• **Raw data**
:::
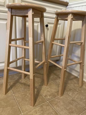 [This review was collected as part of a promotion.] PJWood stool set is a classic style that is also sturdy. Easy to assemble but more important, they fit the space!! Correct height go counter seating or, as I use it, doing work at my counter. The 8 cross bars built in are useful for a foot rest while peeling my potatoes!!! These stools are sturdy, neutral color and design, proper height and come in a set of two!! Perfect!!
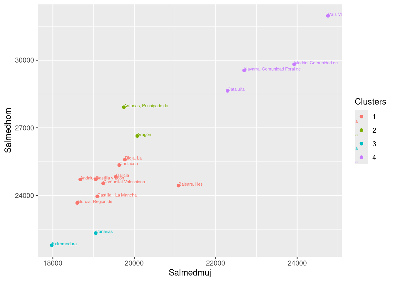 Los clusters se forman de manera clara, con diferencias notables en los salarios medios de hombres y mujeres entre ellos.
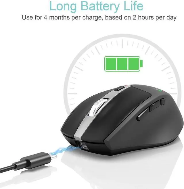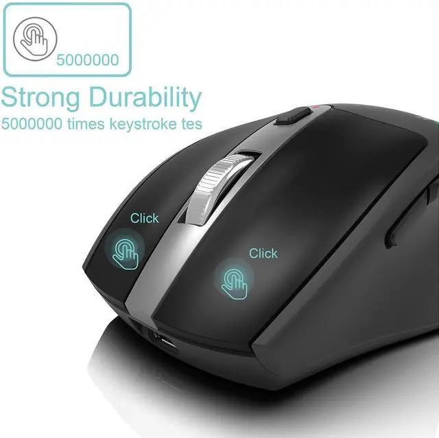 7 Buttons Mouse for more Productive: Besides the right button, left button and the wheel, the mouse has a DPI button to switch the cursor DPI between 800 / 1200 / 1600 / 2000 / 2400 DPI. The mouse has 2 side-buttons for page backward and forward, and 1 button to switch between devices.
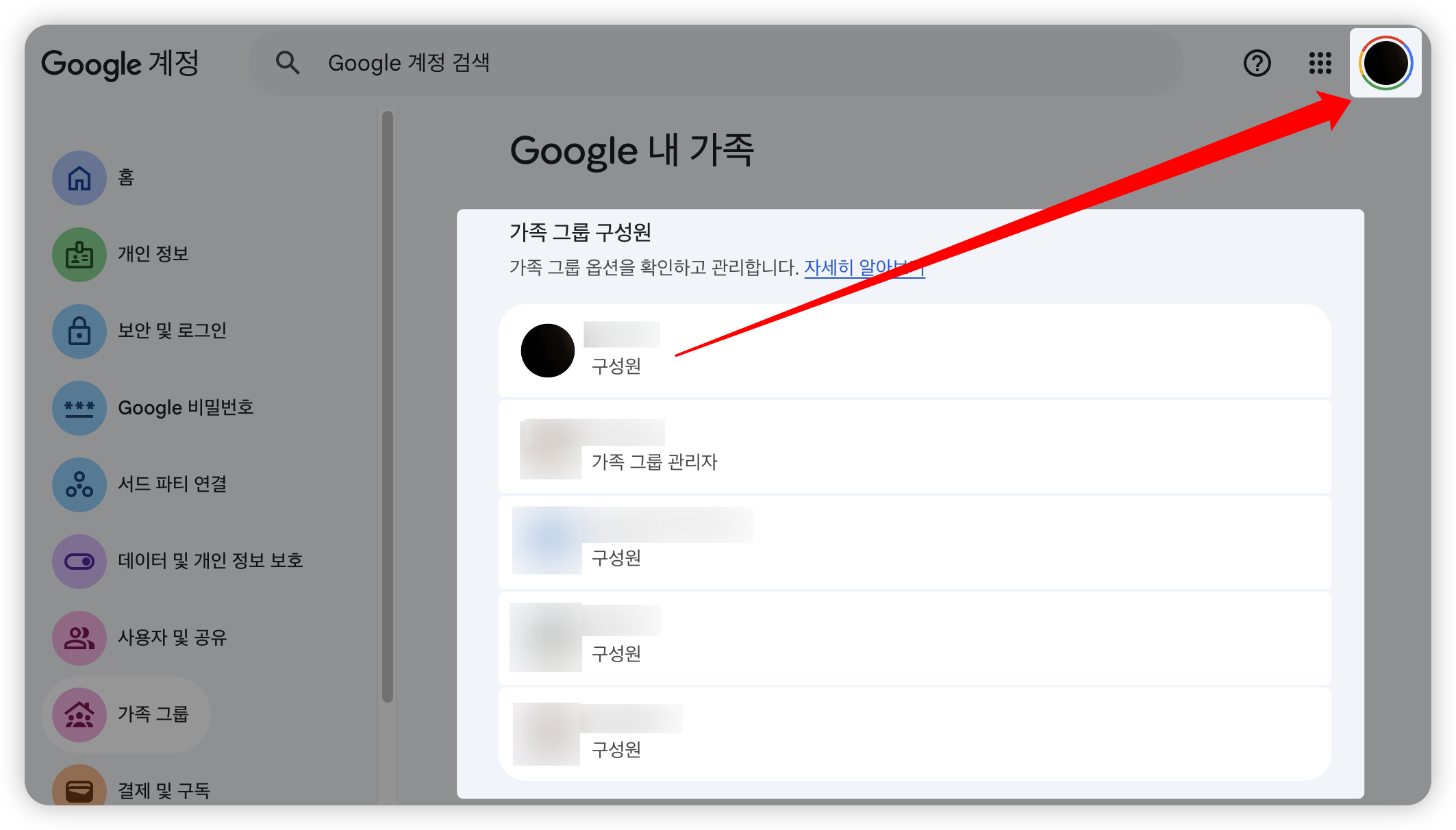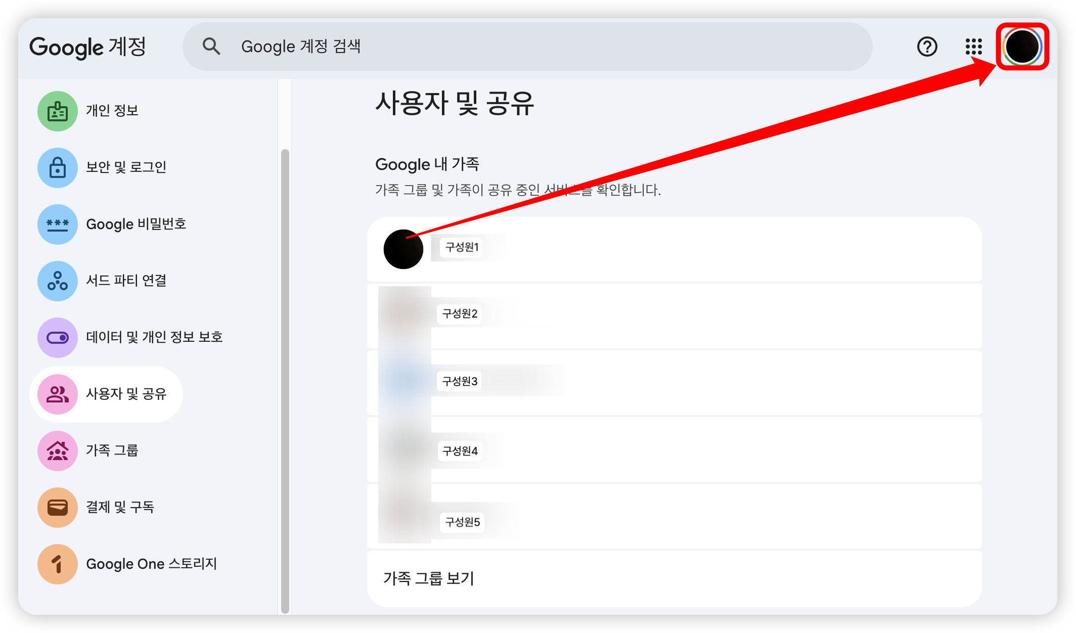- ํ๋กํ ์ฌ์ง ์ฃผ๋ณ์ ๊ตฌ๊ธ ์ปฌ๋ฌ ํ ๋๋ฆฌ๊ฐ ์ ์ฉ๋์์ผ๋ฉด ๊ฐ์กฑ ๊ตฌ์ฑ์์ ์ถ๊ฐ๋ ๊ฑฐ์์.
:::
• **Task to complete**
Return all the lines above exactly; none of the pictures should appear.

• **Solution to this problem**
 [This review was collected as part of a promotion.] PJWood stool set is a classic style that is also sturdy. Easy to assemble but more important, they fit the space!! Correct height go counter seating or, as I use it, doing work at my counter. The 8 cross bars built in are useful for a foot rest while peeling my potatoes!!! These stools are sturdy, neutral color and design, proper height and come in a set of two!! Perfect!!
 Los clusters se forman de manera clara, con diferencias notables en los salarios medios de hombres y mujeres entre ellos.
 7 Buttons Mouse for more Productive: Besides the right button, left button and the wheel, the mouse has a DPI button to switch the cursor DPI between 800 / 1200 / 1600 / 2000 / 2400 DPI. The mouse has 2 side-buttons for page backward and forward, and 1 button to switch between devices.
- ํ๋กํ ์ฌ์ง ์ฃผ๋ณ์ ๊ตฌ๊ธ ์ปฌ๋ฌ ํ ๋๋ฆฌ๊ฐ ์ ์ฉ๋์์ผ๋ฉด ๊ฐ์กฑ ๊ตฌ์ฑ์์ ์ถ๊ฐ๋ ๊ฑฐ์์.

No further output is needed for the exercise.